Bell had the mill stripped of machinery and converted to residential use. All machinery below the brake wheel being removed. Rex Wailes had a bolter from the mill sent to the Science Museum, London. The mill was sold on 24 May 1938 to Douglas Sidney Arundel McDougall. The mill was listed Grade II on 16 April 1955. C. 1960, the mill was bought by Christopher Michael Boyd Newton. In 1961, restoration of the mill began with assistance from Norfolk County Council. Messrs. Thompsons, millwrights of Alford, Lincolnshire carried out the work. On 25 October 1977, the mill was leased to Norfolk County Council on a peppercorn rent by the owner Mr. Newton. The lease was terminated on 1 December 1981. In 1976, one of the mill's Columbian pine stocks was rotten, and it was removed with the intention of replacing it with a steel stock. On 11 September 1978, the other pair of sails were blown off the mill in a strong wind. The first steel stock and sails were erected on 27 September by Lennard & Lawn, millwrights of Caston, Norfolk. The second steel stock was fitted on 14 July 1981 by John Lawn. A replacement fantail was fitted about this time. The second pair of sails were fitted in June 1982. On 30 May 1983, an replacement upright shaft with wallower and crown wheel were fitted to the mill. These came from a tower mill at Houghton Conquest, Bedfordshire. A great spur wheel from Chalkrow Lane Mill, Gooderstone, Norfolk was acquired for later fitting to the mill, although it was never fitted. The great spur wheel was moved outside the mill in 2000 due to woodworm. It was rescued in 2020 and taken into storage. Two pairs of 4 ft 0 in diameter millstones were acquired. These came from a post mill at Nedging Tye, Suffolk, which had burnt down in 1909.

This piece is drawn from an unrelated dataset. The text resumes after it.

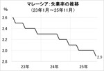 マレーシア:11月の失業率2.9%、11年ぶり低水準

The mill was bought by Roger and Andrea Hough in January 1999. In October 2008, they sought planning permission to convert the mill to residential use. The Society for the Protection of Ancient Buildings lodged an objection to this proposal. Full restoration of the mill started in August 2018. the mill's cap was removed in spring 2019. Following repairs, it was replaced on the mill on 16 March 2020. New wooden stocks were fitted on 1 June and four new sails had been fitted by 5 June.

==Description==
Stow Mill is a four storey tower mill. As built, it had a twelve-sided dome shape cap with a petticoat and gallery. The cap ran on a shot curb. Originally, four Common sails would have been carried on a wooden windshaft. The mill was originally painted white, as shown in a photograph dated c.1890. Later, it was tarred. Latterly, four double Patent sails were carried on a cast iron windshaft. The wooden brake wheel was of clasp arm construction. One pair of sails had seven bays of three shutters, the other pair had eight bays of three shutters. The mill was winded by an eight-bladed fantail. Two pairs of millstones were driven by wind, and two more by steam.